Ps, as a home birther the Ina May comment cracked me up. I’d like to think she’d give you a free pass and a good job sticker to boot.
.
Quinn
I’ve a string of random comments and can’t figure out how to connect them into an intelligable & cohesive one so are you cool if I bullet point it? Good.
•I’ve birthed a baby with Edwardian Farm playing in the background. 😉 Best birth I’ve ever given.
• I don’t have 2 uteri, but I’ve noticed that last few pregnancies, my babies grow up the right side and then spread over as they get bigger so I get what you’re saying about it looking strange. Actually, I’ve got photographic evidence that it shrinks back down the same way cause my chiropractor had me go in for an xray when I was 13 wks. PP after Chloe and they called me back in cause they thought it was a tumor. (What every new mum needs to hear.)

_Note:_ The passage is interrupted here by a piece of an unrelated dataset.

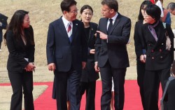 이재명 대통령과 에마뉘엘 마크롱 프랑스 대통령이 3일 청와대에서 열린 한·프랑스 확대 정상회담에서 기념 촬영을 하고 있다. 뉴스1 이재명 대통령과 에마뉘엘 마크롱 프랑스 대통령이 3일 청와대에서 한·불 정상회담을 하고 중동 전쟁의 여파로 인한 경제·에너지 위기 등…

• Thank you Lord that we live in a day when you can safely have your babies where you need to even though it might not be as romantic as you had once hoped! Your babies are way to darn cute to be closing up that shop cause it’s too dangerous to birth them 😉
•At least the season is finally winding down for you and you can rest without worrying as much about what needs to be done.
Rest well Shaye! Love, Quinn
Hydeeann
Firstly, I’m here because I just got your cookbook. I’ve only made the Korean Beef (and accidentally added shredded carrots to it that were for the slaw I was making in tandem – but it was an awesome addition!) and we devoured it. Truly scrumptious!
Secondly, I had to stop mid read and find out what Edwardian Farm was. And then I had to order it before I came back to finish the read. It’s looks great – thanks for the tip and the link!
Thirdly, a friend of mine has two uteri (whatever) and it causes her to contract only once before the baby arrives. The last one came in the car! I only have one uterus but I do have a cervix that likes to start opening up around 27 weeks. Even after 2 months of bed rest, the babies have come 4+ weeks early and started life in the NICU. Like you, I’ve learned to accept that it’s how we make babies around here. It’s not the ideal or even close to normal, but it’s how we roll. So we do. And I’d do it again an 8th time of I could just get pregnant once more. 🙂 Bless you, mama! Keep doing what you have to and enjoy those early nights. Hugs!
raisingcropsandbabies
I’m a lemon too! I had the awful homebirth with my first (who ended up lifelong injured, but is a miracle because he’s alive). Turns out this old pelvis is the most horrible shape for birthing babies. I’ve had 4 C-sections since then and long-term healing-wise I’ve healed faster with my C-sections than my vaginal birth (4th degree tear/broken tailbone). I been there/done that with sad feelings, but came around to enjoy the perks of C-sections… timing up everything and making a plan (especially with multiple little ones at home) is nice for instance.
I had my 5th during planting time… poor hubby! Thankful for family that flew in to help me, but it was still rough on the man.
I was similar to you with sleep… falling asleep on the couch at 7pm and up at 3am. Good luck to you!
Alicia
I was in labor with my 4th when one of my pigs birthed her litter. Thirteen piglets within a couple of hours seemingly effortlessly…why can’t I do it that easily? Why? You’d think I’d be good at it by now!
Deb B
I love the way you put things… it brings pictures so clearly even if I’m not right there… Thanks!
Have you tried papaya for morning sickness? That really worked for me anyway… nothing helped with being tired, wish something would have.
Love your new videos-we’ve already tried a few, what kind of mushrooms do you use for the Steak & Mushrooms?…makes my mouth water!